-- Opening Marker --

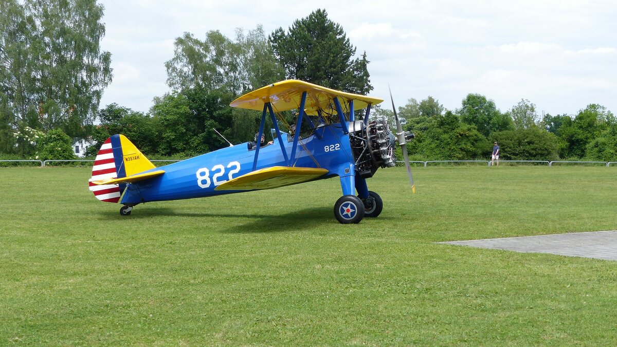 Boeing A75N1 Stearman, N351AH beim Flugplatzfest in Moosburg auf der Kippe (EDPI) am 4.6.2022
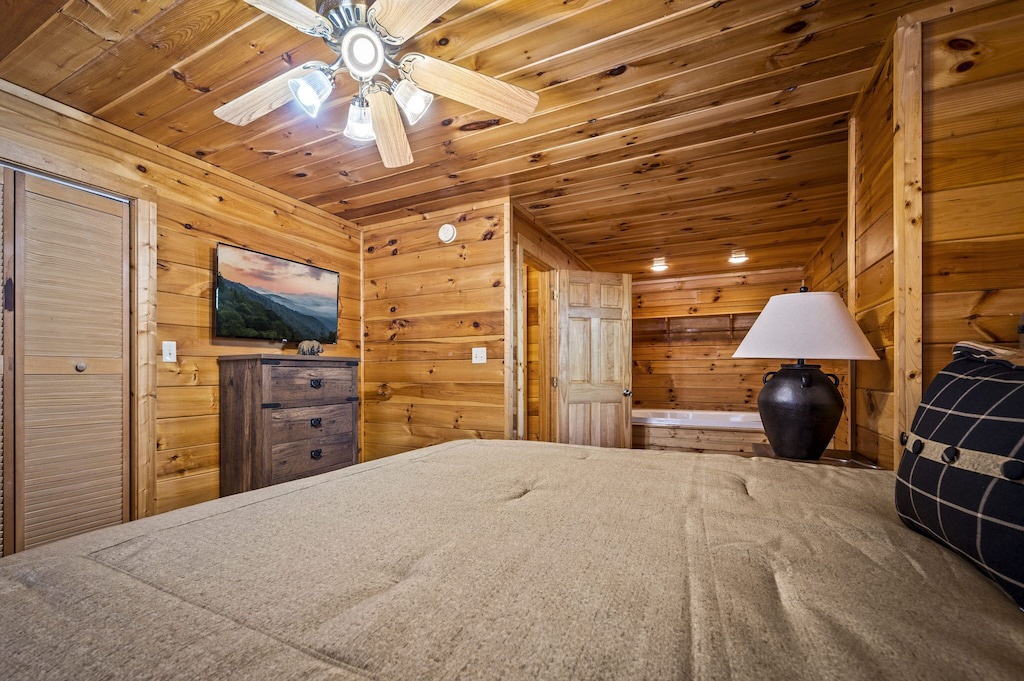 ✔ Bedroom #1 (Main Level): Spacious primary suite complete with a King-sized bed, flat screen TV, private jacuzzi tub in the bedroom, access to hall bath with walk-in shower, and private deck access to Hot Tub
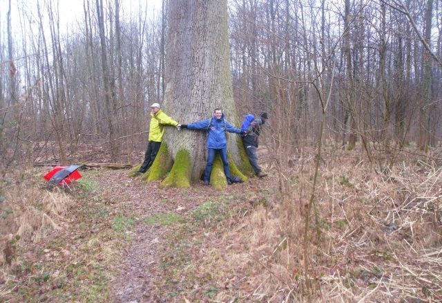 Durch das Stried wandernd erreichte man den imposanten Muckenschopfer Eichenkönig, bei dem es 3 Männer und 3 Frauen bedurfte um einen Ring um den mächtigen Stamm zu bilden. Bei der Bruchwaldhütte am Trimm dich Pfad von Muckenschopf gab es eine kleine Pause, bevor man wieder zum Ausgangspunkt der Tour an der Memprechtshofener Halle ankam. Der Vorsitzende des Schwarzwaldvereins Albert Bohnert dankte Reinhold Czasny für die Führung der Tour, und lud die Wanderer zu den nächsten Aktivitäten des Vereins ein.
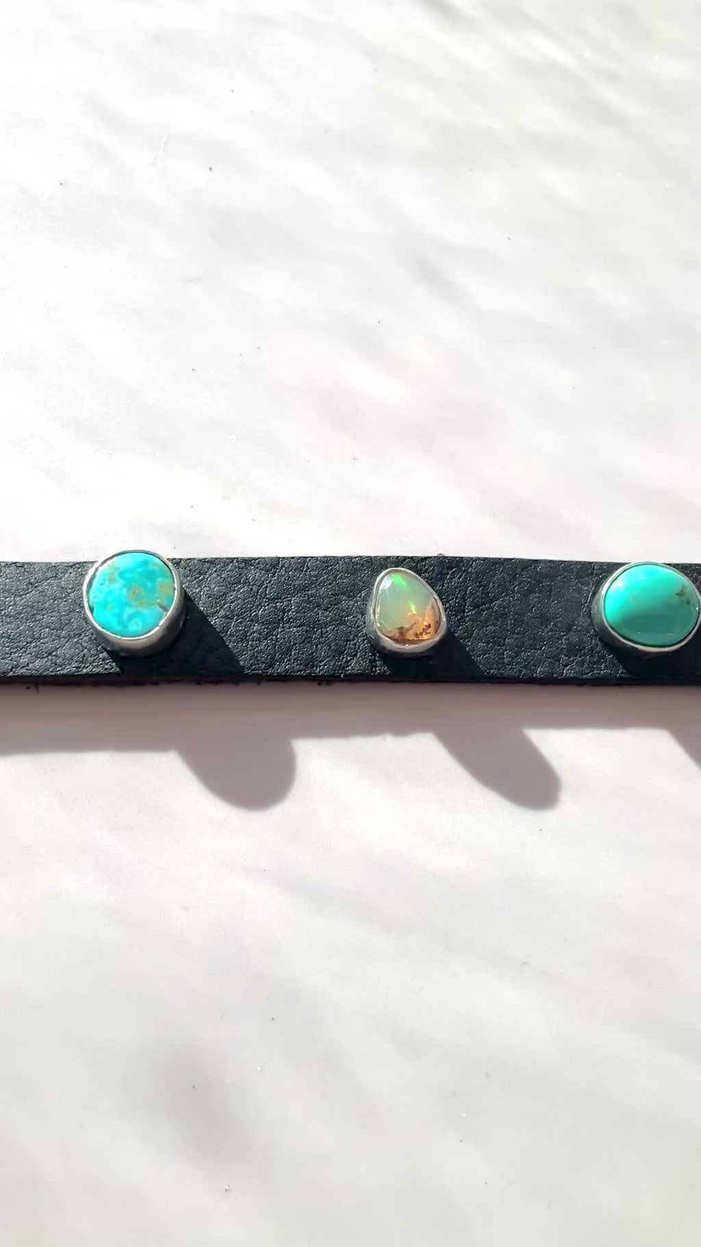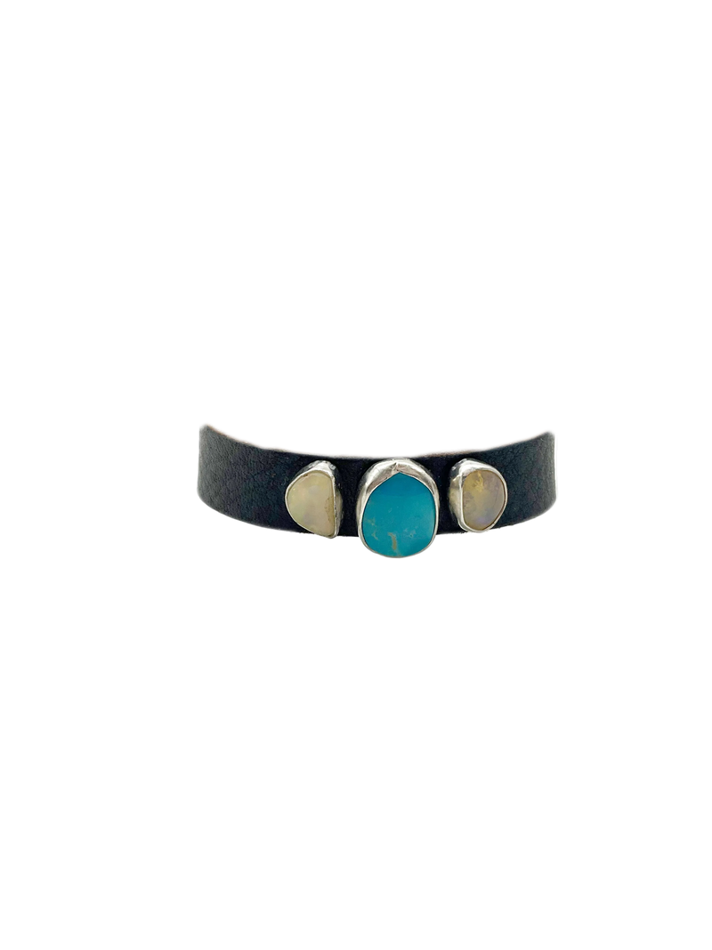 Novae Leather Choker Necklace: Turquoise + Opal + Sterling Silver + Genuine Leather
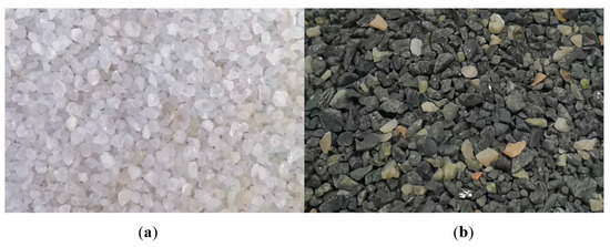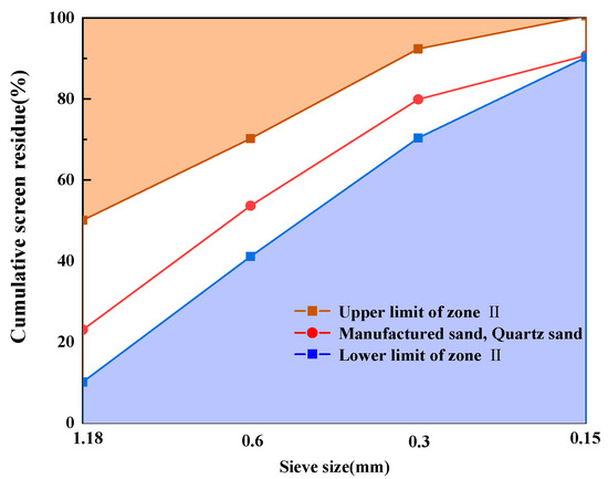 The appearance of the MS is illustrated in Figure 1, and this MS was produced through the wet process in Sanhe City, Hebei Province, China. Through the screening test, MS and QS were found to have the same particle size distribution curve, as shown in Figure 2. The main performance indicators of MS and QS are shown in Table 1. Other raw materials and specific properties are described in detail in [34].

-- Closing Marker --

* **Work instructions**: The lines to restate word for word run from the line that contains "Novae Leather Choker" through the end of the entries above, both ends included. Leave out all pictures and write nothing else.

* **Solution to the problem**:
 Novae Leather Choker Necklace: Turquoise + Opal + Sterling Silver + Genuine Leather
 The appearance of the MS is illustrated in Figure 1, and this MS was produced through the wet process in Sanhe City, Hebei Province, China. Through the screening test, MS and QS were found to have the same particle size distribution curve, as shown in Figure 2. The main performance indicators of MS and QS are shown in Table 1. Other raw materials and specific properties are described in detail in [34].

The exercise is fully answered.